For her own workers, Berg decided early in the pandemic that she wanted to do more than just mitigate the spread of coronavirus at the Vitamix plant. Zero tolerance was her goal, she said.

In mid-March, the company allowed remote working for corporate employees.

On March 23, Vitamix gave nearly all employees a week off with pay to prepare themselves and their families — except for a small “Tiger Team” that was charged with coming up with their own safeguards for operating safely through the virus.

In addition to instituting temperature checks, now increasingly standard at workplaces, the company set up a hotline for employees to call if they feared they were exposed to the virus during their time off.

Berg said the company realized it was important to make sure that workers felt they would be safe if they went to work.

“How do we create an environment that all the employees will easily be able to comply with following our protocols, but also have the emotional feeling of safety?” Berg said.

Even employees, like Trainer Amy Collins, whose job has changed dramatically, are getting used to a new way of doing things. Because she can’t social distance in her job, Collins can only train employees in five-minute intervals.

Some of the early measures misfired, the company admits. A first attempt to impose social distancing on the assembly line involved white opaque plastic sheeting. It prevented the spread of the virus — but it left people feeling cut off from co-workers who were only a few feet away.

It also made it impossible for workers to hear each other. The only sound from the factory floor came from machines.

“They [workers] were uncomfortable with that,” said Lisette Mendez, a team leader. “They felt like they were enclosed. They couldn’t communicate with each other.”

So the company swapped out the sheeting for plexiglass.

So far, the company’s strategy appears to be working. After initial disruptions, the plant is now operating at close to usual capacity. By May, the company said in an email, the plant was almost back to pre-coronavirus efficiency.

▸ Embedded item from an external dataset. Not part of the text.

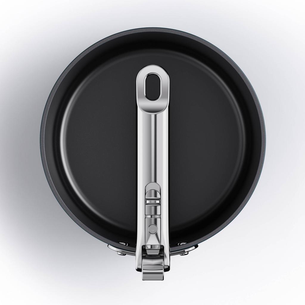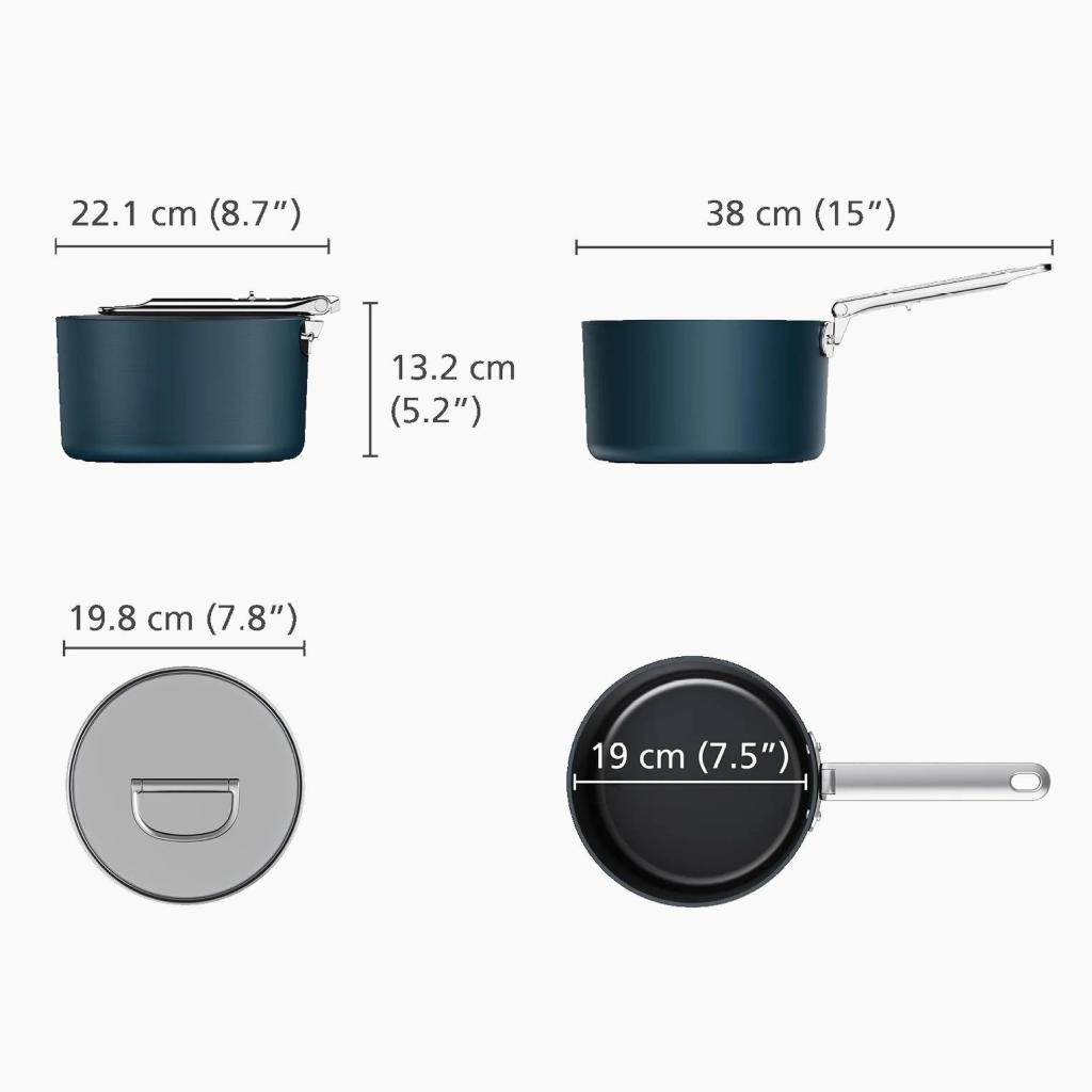 - Al plegar el asa, se puede ahorrar hasta un 50% más de espacio en comparación con las cacerolas normales, por lo que es ideal para cocinas pequeñas y espacios reducidos.

And workers’ fears of getting sick on the job have receded.

When the virus first reached Ohio, assembler Victoria Schade was hesitant about coming to work because she feared becoming infected in a plant with so many workers. She even took off additional days when most of the plant got off in March.

“When I came back and I walked into the building, ... there’s a sign that said we need to be wearing masks,” she said. “Then I saw all these barriers, and my anxiety level wasn’t crazy anymore.”